A Medical Device Daily

McKesson (San Francisco) said that it has successfully completed the previously disclosed acquisition of Per-Se Technologies (Alpharetta, Georgia) in an all-cash transaction valued at $1.8 billion. The proposed merger was unveiled in November (Medical Device Daily, Nov. 7, 2006).

Under the agreement terms, Per-Se stockholders received $28 a share in cash, without interest.

When the deal was first disclosed, McKesson said that Per-Se “fits directly” with its plan to lead in solving “the clinical, financial and business process challenges facing healthcare.” It said Per-Se will give it “the nation’s largest electronic pharmacy network connecting about 90% of U.S. retail pharmacies to other business partners to help manage key clinical, financial and administrative transactions for the pharmacist and payor.”

Per-Se describes itself as a leader in “connective healthcare solutions that help enable physicians, pharmacies and hospitals to achieve their income potential by creating an environment that streamlines and simplifies the complex administrative burden of providing healthcare.” It reports a customer base of about 100,000 physicians in small practices, 17,000 hospital-affiliated physicians, 3,000 hospitals and 50,000 retail pharmacies.

In other dealmaking news:

• Illumina (San Diego) reported that it completed its acquisition of Solexa (Hayward, California) in a stock-for-stock merger valued at about $600 million.

In special meetings of stockholders, Solexa stockholders approved the merger agreement Illumina and Solexa entered into on Nov. 12, 2006 (MDD, Nov. 14, 2006), and Illumina stockholders approved the issuance of shares of Illumina common stock for the acquisition of Solexa.

Solexa stockholders will receive 0.344 of a share of Illumina common stock for each share of Solexa common stock.

“We are excited to join the two companies, creating the only company with genome-scale technology for genotyping, gene expression, and sequencing, the three cornerstones of modern genetic analysis,” said Jay Flatley, president/CEO of Illumina. “With Solexa’s recent technical achievements we look forward to the rapid commercialization of our next-generation sequencing platform.”

In connection with the merger, the size of Illumina’s board of directors was increased from eight to ten members.
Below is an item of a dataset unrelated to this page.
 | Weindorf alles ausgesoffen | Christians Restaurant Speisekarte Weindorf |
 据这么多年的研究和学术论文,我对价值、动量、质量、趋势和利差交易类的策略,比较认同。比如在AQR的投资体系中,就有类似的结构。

The two newly appointed members are Blaine Bowman and Roy Whitfield both of whom were members of Solexa’s board of directors.

• Aruna Biomedical (Athens, Georgia) reported that it has entered into a technology licensing agreement with the University of Georgia Research Foundation (also Athens) that will enable the company to commercialize human neural progenitor (NP) cell technology developed at the university.
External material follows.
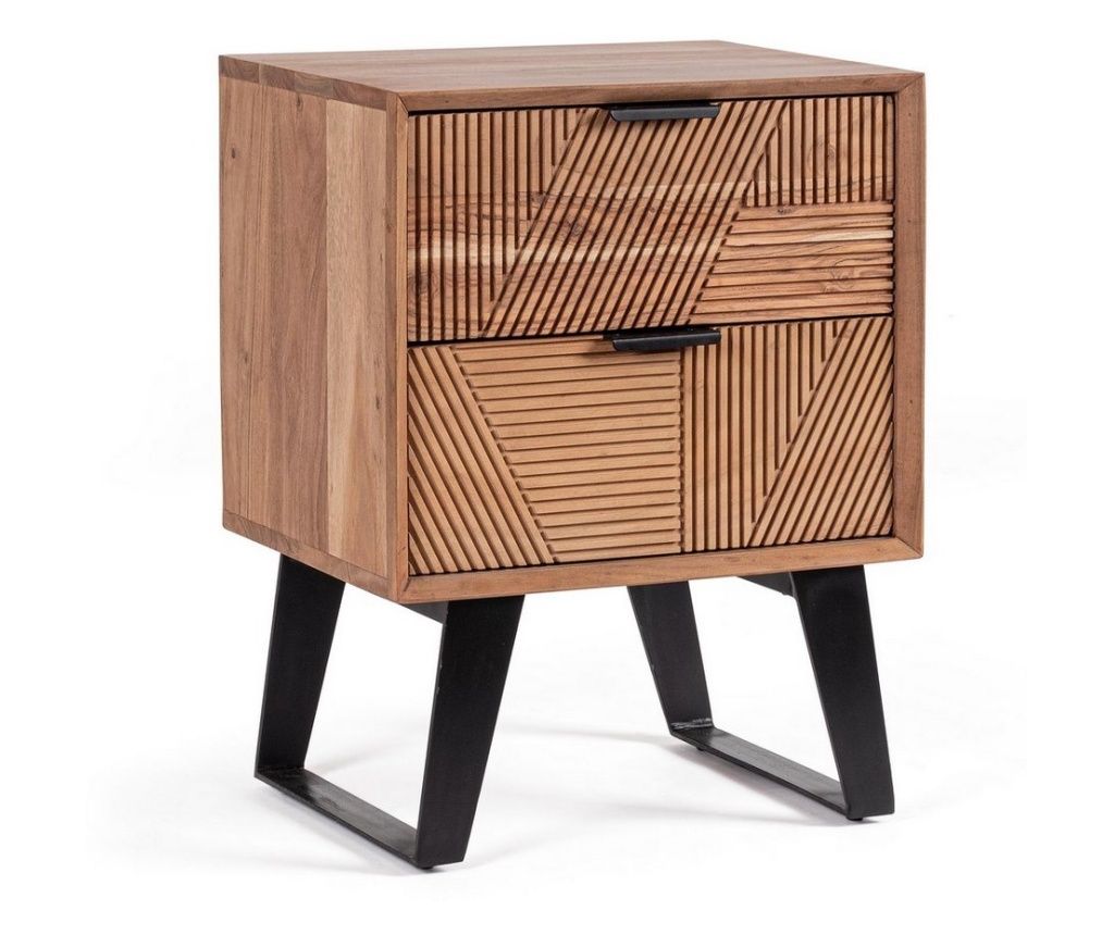 Isar Acacia Wood and Black Steel Nightstand 44x35x58h

Aruna has acquired an exclusive worldwide license to develop and commercialize neural cells derived from human embryonic stem cells. Aruna will offer the academic and industry research communities access to what it said are much sought after, but never before available human neural cells, derived from human embryonic stem cells, that relate to normal and diseased human conditions.

The cells can be used in research ranging from Alzheimer’s, spinal cord injury and depression. Aruna said it anticipates launch of its first product, human neural progenitor (NP) cells, in early 2007 and add-on products will closely follow.

The human NP cells will be sold and marketed through a third-party distribution partner and packaged as a kit with growth media and substrates.

“The potential impact of this product on the neural research community could be astounding,” says Aruna co-founder and CEO Steven Stice. “We are offering a product that may accelerate the pace of neurological research for tens of thousands of scientists and thereby may provide patients with possible therapies and treatments for debilitating neurological diseases and spinal cord injuries much sooner than imagined.”